To make sense of this dispute, it helps to begin with some history.

Commodity markets like the CBOT were created to put sellers of commodities in touch with buyers, and both sides of the current debate agree that some speculators are needed to keep the market going, or, as Cory Martin of the American Bakers Association (ABA) says, “you need someone to provide liquidity, to buy when the bakers aren’t buying and sell when the farmers aren’t selling.”

changing the rules
In recent decades, CFTC rules changed.  By defining index funds as commercial hedgers, the rules exempted them from contract limits and opened the commodity markets to more investment.  Index funds’ stake in commodity markets increased from an estimated $15 billion in 2003 to more than $200 billion in 2008.

Critics like the ABA argue that index funds operate differently than traditional hedgers.

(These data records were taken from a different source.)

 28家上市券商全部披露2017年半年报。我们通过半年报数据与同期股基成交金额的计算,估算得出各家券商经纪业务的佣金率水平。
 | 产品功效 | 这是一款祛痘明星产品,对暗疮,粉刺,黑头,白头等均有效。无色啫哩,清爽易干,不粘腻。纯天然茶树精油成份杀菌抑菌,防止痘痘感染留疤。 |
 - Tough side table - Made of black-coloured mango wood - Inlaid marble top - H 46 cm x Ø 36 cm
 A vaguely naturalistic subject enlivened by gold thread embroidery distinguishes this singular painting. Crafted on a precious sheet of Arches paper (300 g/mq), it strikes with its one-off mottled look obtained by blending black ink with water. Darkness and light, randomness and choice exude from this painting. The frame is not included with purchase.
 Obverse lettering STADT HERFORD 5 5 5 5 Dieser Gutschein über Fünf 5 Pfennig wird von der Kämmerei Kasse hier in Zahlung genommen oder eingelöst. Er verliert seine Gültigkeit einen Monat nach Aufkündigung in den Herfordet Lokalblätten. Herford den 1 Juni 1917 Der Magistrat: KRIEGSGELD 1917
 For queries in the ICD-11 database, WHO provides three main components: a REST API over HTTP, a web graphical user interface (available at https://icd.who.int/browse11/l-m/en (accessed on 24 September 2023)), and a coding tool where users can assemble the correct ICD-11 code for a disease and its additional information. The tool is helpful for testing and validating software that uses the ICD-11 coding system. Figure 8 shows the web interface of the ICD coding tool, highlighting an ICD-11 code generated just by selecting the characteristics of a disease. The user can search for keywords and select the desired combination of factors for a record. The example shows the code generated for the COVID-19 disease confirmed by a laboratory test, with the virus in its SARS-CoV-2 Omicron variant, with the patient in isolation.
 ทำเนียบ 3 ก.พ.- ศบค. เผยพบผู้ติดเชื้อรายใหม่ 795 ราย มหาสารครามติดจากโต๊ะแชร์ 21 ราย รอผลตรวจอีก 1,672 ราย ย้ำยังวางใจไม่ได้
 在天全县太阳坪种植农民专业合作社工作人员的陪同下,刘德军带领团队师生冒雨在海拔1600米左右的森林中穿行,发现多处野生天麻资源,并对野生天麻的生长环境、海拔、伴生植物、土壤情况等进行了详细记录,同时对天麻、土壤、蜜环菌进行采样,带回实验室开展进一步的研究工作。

“Unlike the traditional speculator, who often acts as a medium between agricultural producers and end users through buying and selling contracts, index speculators buy and hold contracts by simply rolling their long-only positions to the next spot month,” ABA President Rob MacKie told a CFTC hearing. Translated, “long” contracts are an  ongoing bet that prices will continue to go up, and “rolling” allows index speculators to maintain their same “long” position for an extended period by replacing a set of contracts that are about to expire with another set of long contracts with a later delivery date. 

The result, according to the ABA and other critics, is increased market volatility. 

“The commodity markets were never intended to be an investment opportunity like the stock market,” says the ABA’s Martin.  “We believe that  when index funds began applying stock market tactics to the comparatively small wheat market, it resulted in an incredibly volatile market for the other players.”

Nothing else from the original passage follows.